Exodus from Florida public schools predicted before 2008 science standards adoption never materialized

Nearly a decade ago – on February 19, 2008 – Florida’s State Board of Education adopted new science standards for the K-12 schools that explicitly included biological evolution by a narrow 4-3 vote.

Just before the vote, ten individuals opposing the proposed standards and ten supporting them spoke to the board.  The final speaker opposing the proposed standards was John Stemberger, who was then and continues to be the President of the Florida Family Policy Council.  During his remarks, Stemberger warned that thousands of parents who were members of evangelical churches would withdraw their children from the public schools if the proposed standards were adopted.

While some evangelical parents (and parents from other faith traditions) have chosen to have their children educated in schools tied to their churches, there hasn’t been a mass exodus from the public schools since the 2007-2008 school year, during which the SBOE meeting was held.

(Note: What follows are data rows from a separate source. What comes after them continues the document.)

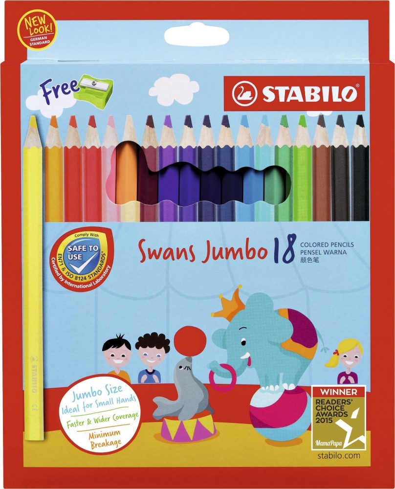 НАБОР УТОЛЩЕННЫХ ЦВЕТНЫХ КАРАНДАШЕЙ STABILO SWANS JUMBO В ВЫДВИГАЮЩЕМСЯ ФУТЛЯРЕ-ПОДСТАВКЕ, 18 ЦВЕТОВ + ТОЧИЛКА, КАРТОН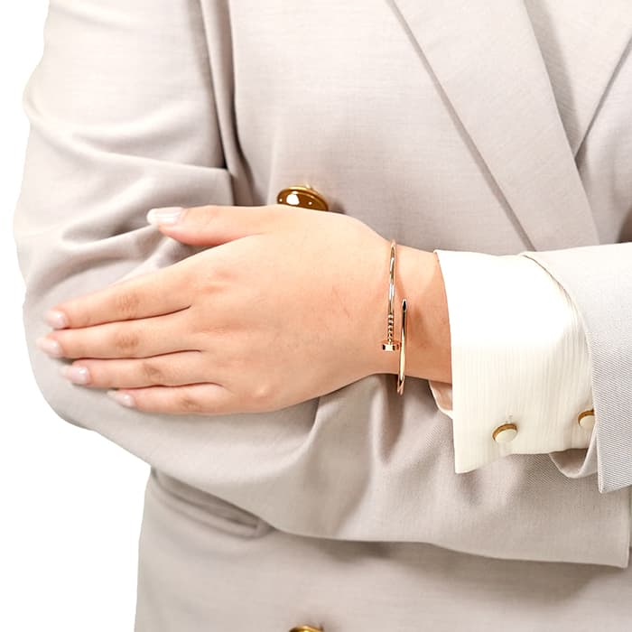 フランスで誕生し、独創的なデザインや技術力の高さから圧倒的な支持を受けるブランド「カルティエ」。 1本の釘から誕生したジュエリー「ジュスト アンクル」のブレスレットは、個性的かつ上品なデザインが人気のジュエリーです。 大胆かつモダンな雰囲気で、洗練された美しさを放ちます。こちらは、ピンクゴールドのスモールサイズです。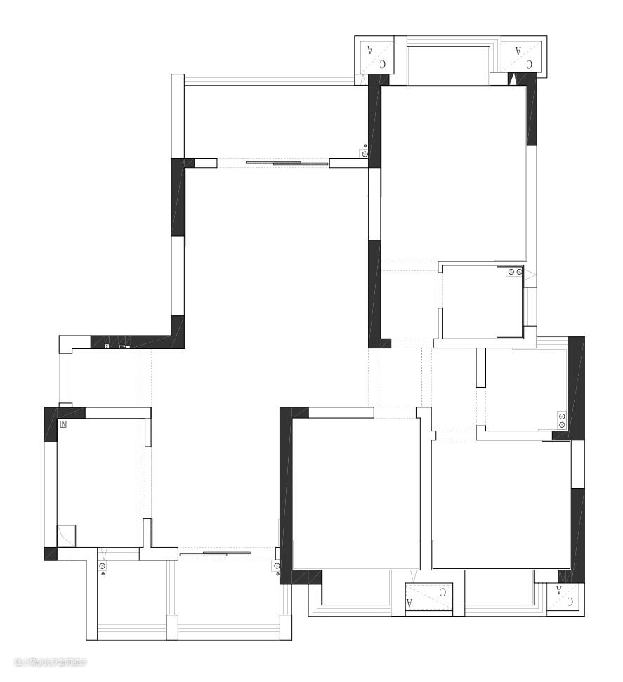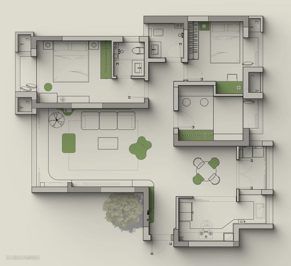平面改造:三室两厅两卫一生活阳台 1、入户做的260mm薄鞋柜,同时增加超大异形镜子,方便出门的时候整理仪态,也能增加入户玄关的延伸性 2、鞋柜与客厅储物柜连接处,利用弧形柜让整体视觉感更好,同时也增大了储物的空间 3、客厅与阳台进行打通,形成整体客厅效果,原阳台的水管用弧形包起来并延伸过去,形成整体沙发背景墙效果,同时也新增了植物角 4、厨房与空调外机位进行打通,打通之后是有两个直角的,设计斜柜,弱化直角视觉感 5、考虑后期会生宝宝,所以在空间的改造上我们还是保留三房空间,次卧和书房做了灵活的处理设计,随着后期需求,房间都可以随意变换功能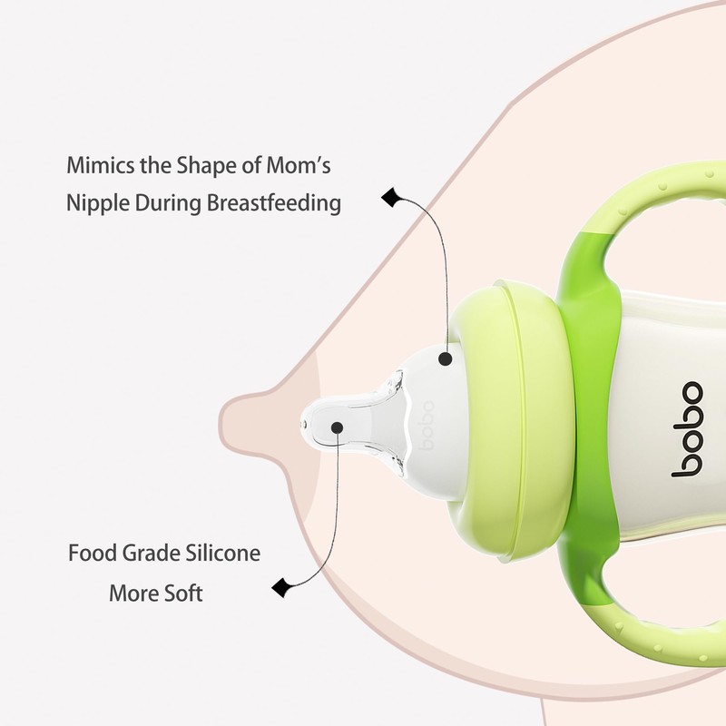 - The bottom of the nipple has intelligent pressure regulating valve, balance internal and external pressure, milk and air separation, to avoid the baby breathing too much air caused by colic flatulence.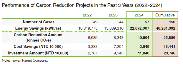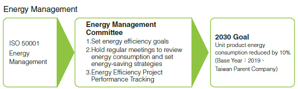 ◆ Taiwan Parent Company targets a 10% reduction in unit product energy consumption (base year: 2019)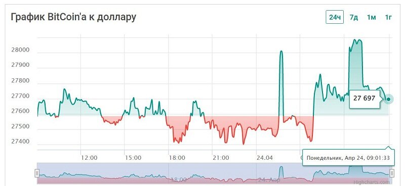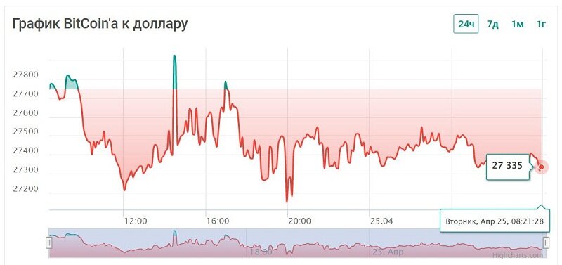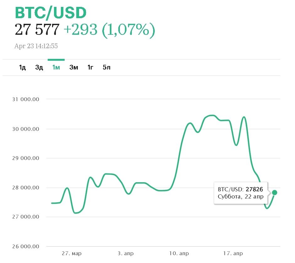 Текущий курс биткоина к доллару — $27,711.00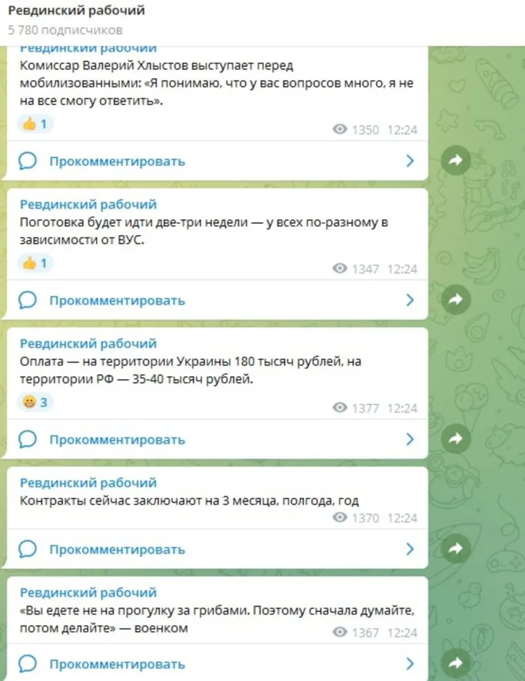 «Оплата — на территории Украины 180 тысяч рублей. На территории РФ — 35-40 тысяч рублей», — пишет со ссылкой на Хлыстова газета «Ревдинский рабочий». Ранее URA.RU писало, что на этой же встрече с призывниками Хлыстов запретил проносить в воинские части смартфоны.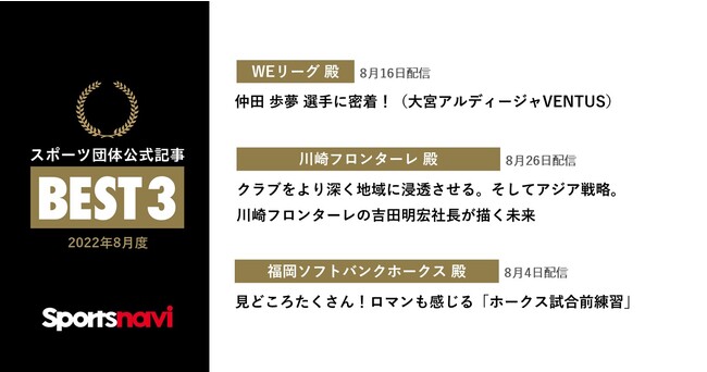 WEリーグ、川崎フロンターレ、福岡ソフトバンクホークスが受賞! スポーツ団体公式記事月間ベスト3(2022年8月度)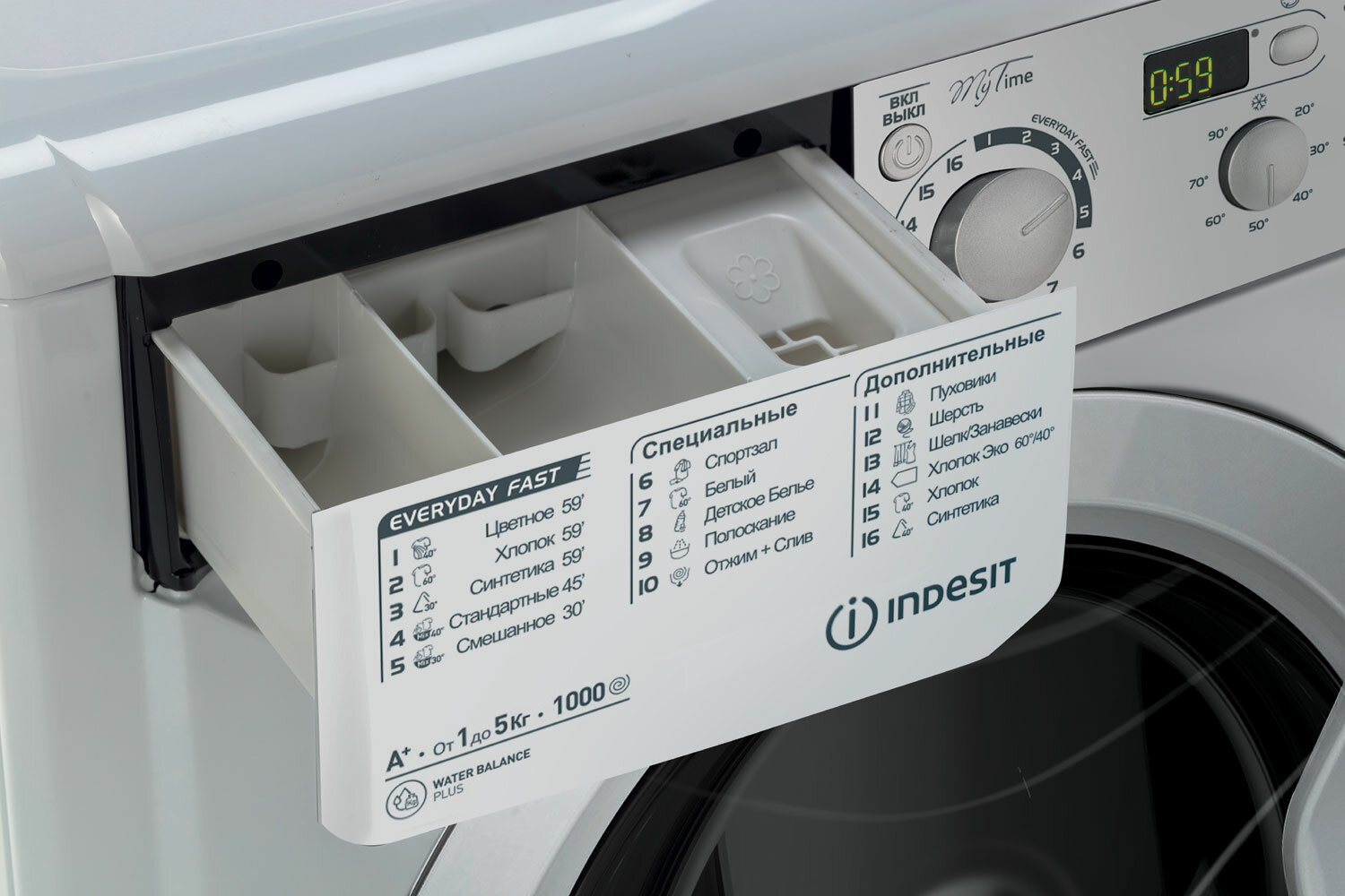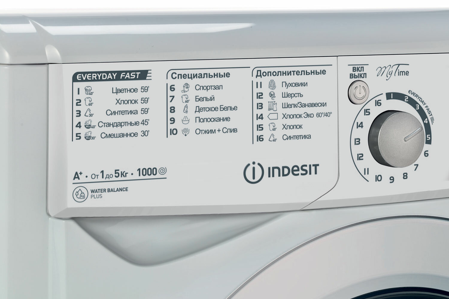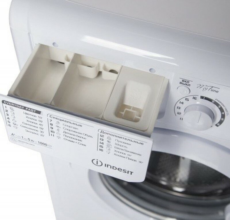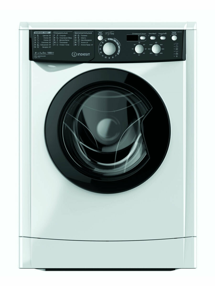 Indesit – узкая стиральная машина с загрузкой в 5 кг белья. Глубина корпуса – всего 42 см, поэтому прибор поместится в небольшой ванной.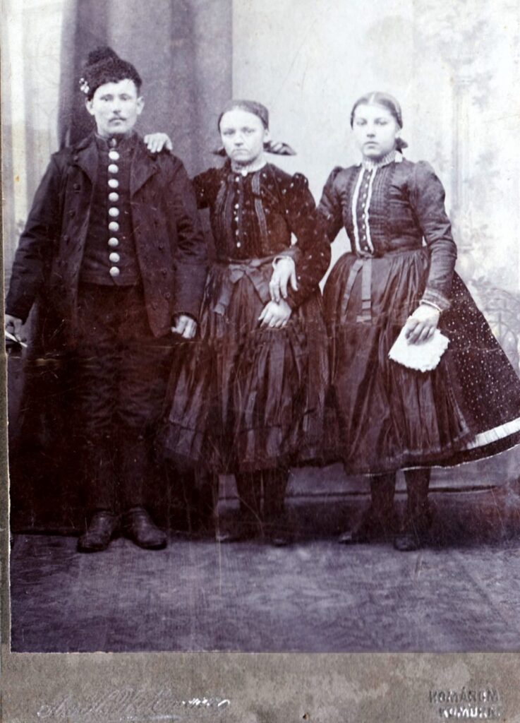 A fénykép jobb oldalán Csintalan Dezsőné, Etus látható szüleivel, 1933-ban, hetényi viseletben.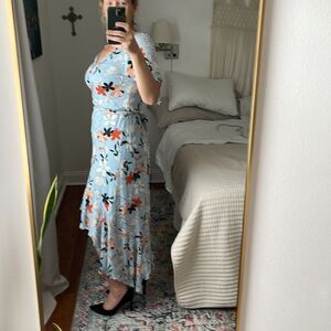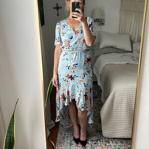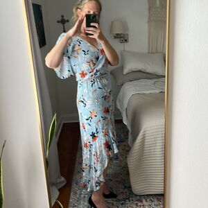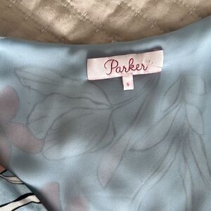 Parker Dress Womens Small Blue Silk Floral Midi Ruffle High Low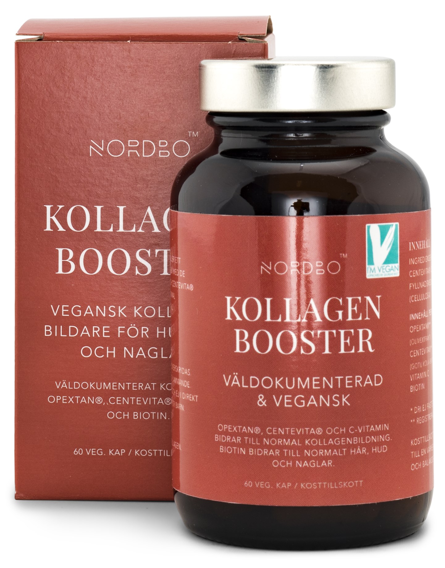 Nordbo Vegan Kollagen Booster är ett tillskott som innehåller ett komplex av de unika växtextrakten Opextan® och Centevita® och även C-vitamin som bidrar till en normal kollagenbildning. Kollagen upprätthåller leder, naglar och hår och underlättar för huden att hålla sig mjuk.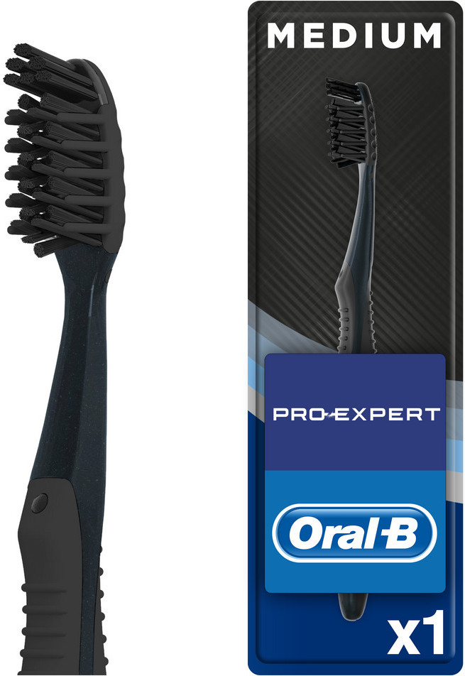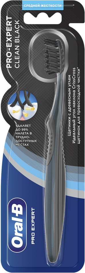 Мануальная зубная щётка Oral-B Pro-Expert Clean Black со щетинками CrissCross, расположенными под углом 16 градусов, эффективно счищает зубной налёт и удаляет до 99% налёта в труднодоступных местах в отличие от обычной мануальной зубной щётки. Благодаря тщательно отполированным щетинкам с закруглёнными концами щётка очищает зубы вдоль линии дёсен. Кроме того, щётка укрепляет здоровье дёсен и делает их более упругими, способствуя уменьшению воспаления дёсен благодаря мягким стимуляторам. Рельефная поверхность для чистки языка помогает удалять микробы с поверхности языка и дарит ощущение свежести в полости рта. Щетинки средней жёсткости с экстрактом древесного угля. Напоминаем о замене щётки каждые три месяца для лучшей чистки.

The plot compares the numbers of students in three K-12 sectors – public, private and homeschooled – as percentages of the total of the three sectors for the 2007-2008 and 2016-2017 school years.  The numbers come from the Florida Department of Education website.

The market shares held by the three sectors have changed only slightly in the decade since the SBOE science standards vote.  The public school share (which includes charters) has edged down from 87.1% to 86.1%.  Private schools have risen only slightly from 11.0% to 11.3%, despite the rapid growth in state-supported scholarships for private school students.  The number of homeschooled students has risen substantially from 56,650 to 87,462, but as a percentage of the total the increase is small (1.9% to 2.7%).